Instense, or hiit cardio will come later in the day when I have a couple meals in me. I always treat a hiit session like a workout, x amount of time after a meal to help prevent muscle breakdown.
Nice move on those 85 db's. Now keep at those untill you can own them and than move up 5lbs. Also, that's not a bad idea at all about training your lagging body part to catch up with the other. Maybe start with 1-2sets and keep a very close eye so the left doesn't than grow ahead of the right lol and play catch up all over again.
Looking good bro.![]()
Day 24 OFF Day!
Day 25 Backs Day!
DL: 45x10, 135x10, 225x10, 275x12, 325x5(Could have gotten 8), 345x2, 135x20
T-Bar: 45x15, 90x15, 135x15, 180x15
Low Row: 10x15, 12x15, 13x15 (These are out of 20's and I did super squeeze on them)
HS mid row: 186x12, 231x12, 276x10
Wide Grip Lat Pull-down: 160x15, 175x15, 190x15, 205x10-x3-x2
Workouts:
I didn't use a belt just like last week on anything under 250 on DL. Also on Low row I dropped a weight and got a better squeeze out of it.

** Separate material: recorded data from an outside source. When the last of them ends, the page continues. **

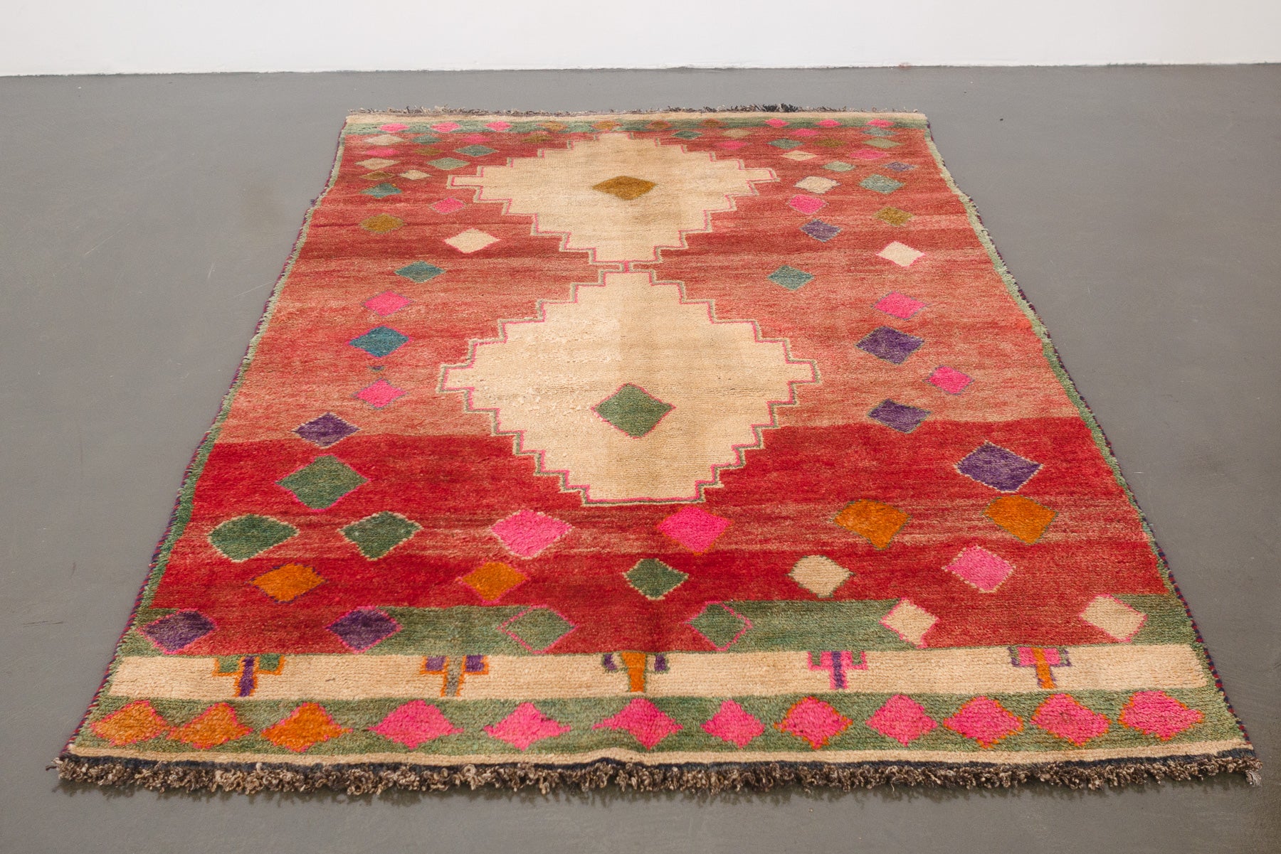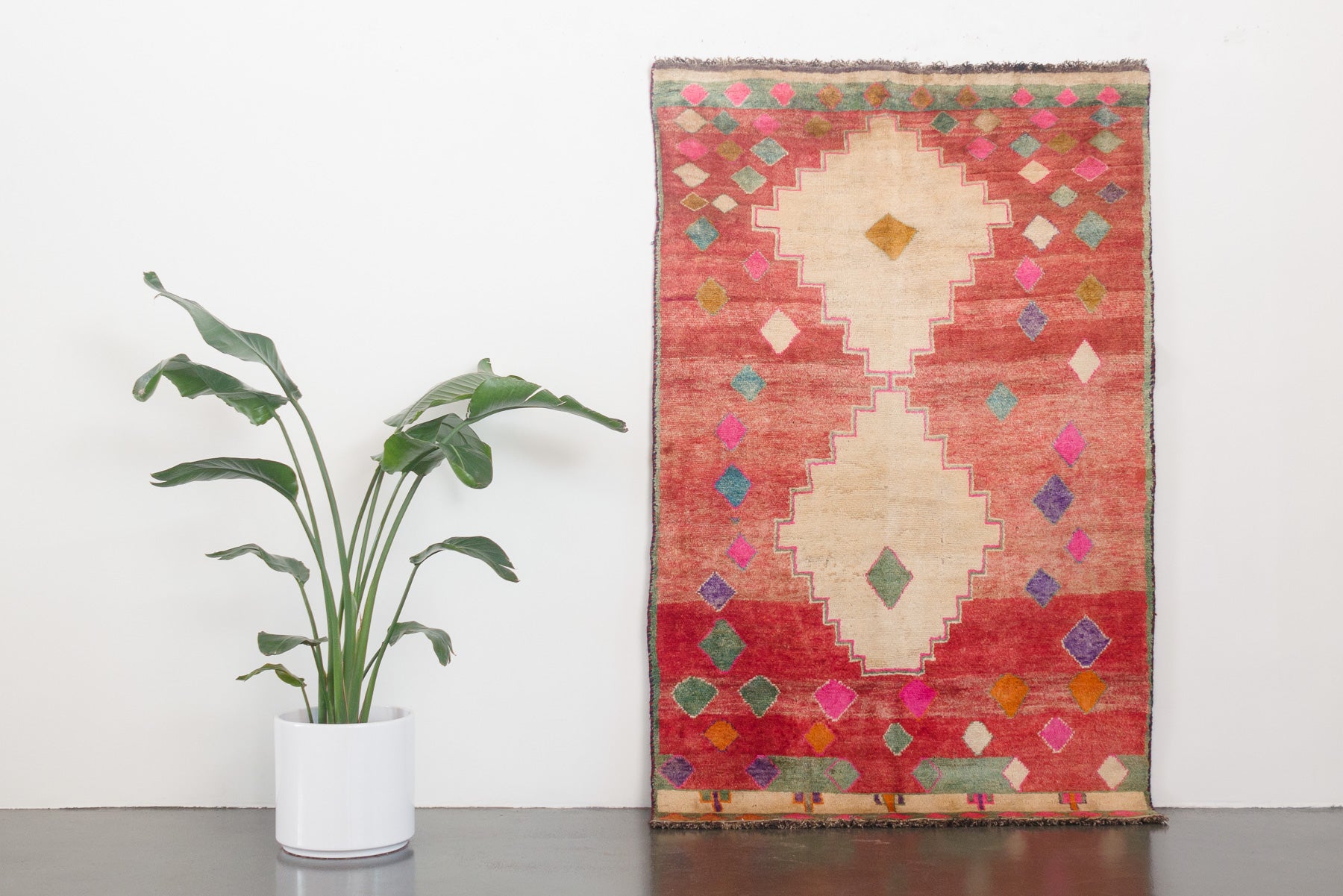 name: Zaborigin: Iran (Persian), Qashai, Gabbeh, Shirazstyle: rug, carpetmaterial: hand knotted woolcolors: reds, pinks, green, violet, blues, yellow, orange, cream, brownsage: vintage, 1940-1960condition: good, age related wear - see picturesappraised value: $3,20050" x 81" (closest standard rug size is 4x7)Free domestic shipping on all rugs.Contact us for an international shipping quote.
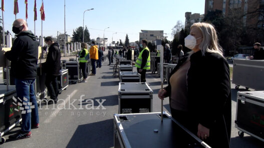 Под мотото „ПОМЕН – една година тишина“, со транспаренти во рацете „Спасете ја ивент-индустријата“, вработените во продукциските компании за организирање настани се собраа пред Владата со поставени кутии за опрема и со едночасовен молк го изразија својот револт, бидејќи една година не работат.
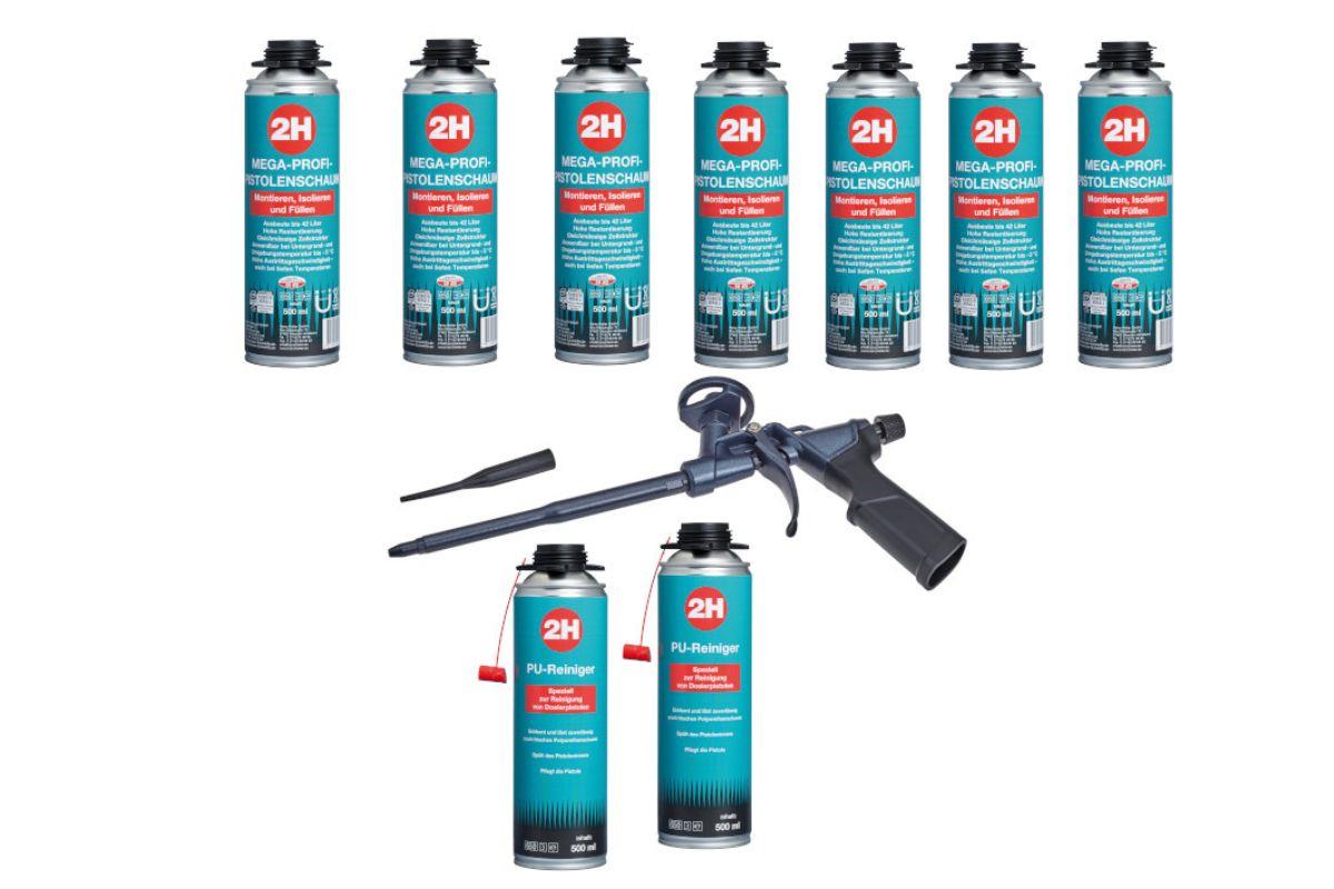 60 x 2H Mega-Pistolenschaum 1-K 500ml mit EC1plus, 42 Ltr. Ausbeute, geprüft bis 59 dB, 2 x PU-Reiniger P 500ml für die Pistole und frischen PU-Schaum, 1 hochwertige Schaumpistole vollteflonisiert. Einkomponenten-Polyurethanschaum für Schaumpistolen zur professionellen Montage, Abdichtung und Schalldämmung. 2H Mega Pistolenschaum erhärtet bei Kontakt mit Luftfeuchte. geeignet zur Montage von Holz-, PVC- und Aluminium-Fenstern und -Türen, Fensterbänken, Treppen, Bade- und Duschwannen. Der besonders dichte und beständige 1-K-Pistolenschaum weist hohe Bindekraft auf und eignet sich sehr gut zum Abdichten, Dämmen, Verkleben und Isolieren. 2H Mega-Pistolenschaum weist auch sehr gute Lärm- und Wärmeschutzeigenschaften auf und härtet sehr schnell aus, womit die Einbauzeit verkürzt wird. Die Ergiebigkeit ist vonder Temperatur und der Umgebungsfeuchtigkeit abhängig. Der Schaumstoff weist hohe Resistenz gegen Pilz- und Schimmelbefall auf. Die Applikation des Schaumstoffs erfolgt mit Einsatz von einer speziellen Pistole zur Applikation von Polyurethanschaumstoffen. Zusätzlich erhalten Sie einen sehr guten 2H Reiniger P für die Schaumpistole, um Verklebungen zu entfernen und zum Entfernen von frischem PU-Schaum auf dem Bauteil.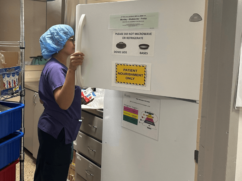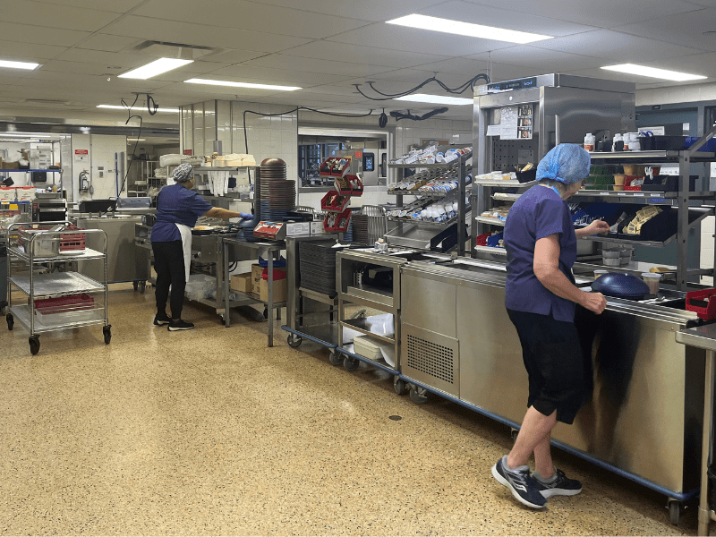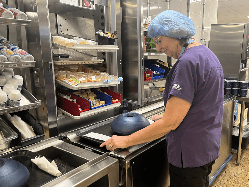 Using a dedicated elevator that runs straight from the kitchen to the acute medicine floors, the team ensures each tray travels safely and efficiently, so patients receive their meals hot and ready to enjoy.

Also I was in the gym for 3hrs to 3:20hrs. The reason is because I decided to take it slow, rest, and not to finish the workout in a hurry and feel like **** by the end. Also I thought I was going to do MMA with my friends but they ended up not doing it so if I knew they weren't going to I would have done more sets on DL and couple of other stuff.
Cardio:
I did 10 minutes in the morning after breakfast on cross training machine and then 10 minutes on a treadmill. Didn't go super hardcore on the cardio but still pushed it.
Thank you sir!
Well guys I'm going to buy a new car this week and I wanted a BMW, Volvo, or lexus but I'm thinking of saying **** it. I looked at the 2011 Mustang and they aight but today I'm going to look at a charger and a challenger too. They only thing that might prevent me from getting them is the MPGSo today I might get to the gym late causa that
Good move on dropping the weight a bit on the low row to feel it more in the muscle, I like that! I always make sure to keep my ego in check just for this reason. The body isn't thinking, "oh he wants a bigger back so lets focus on using the intended muscles to move this weight". Once it gets heavy enough and we have to slack on form, all its thinking is lets move this weight as best as we can to complete the job and that's where muscles we don't want being worked start to take over! Cheat reps are fine, just have to know how and when to use them.
Nice DL Pulls too btw! I've been doing rack deads for months now and I think it's about time I start to incorporate floor deads again!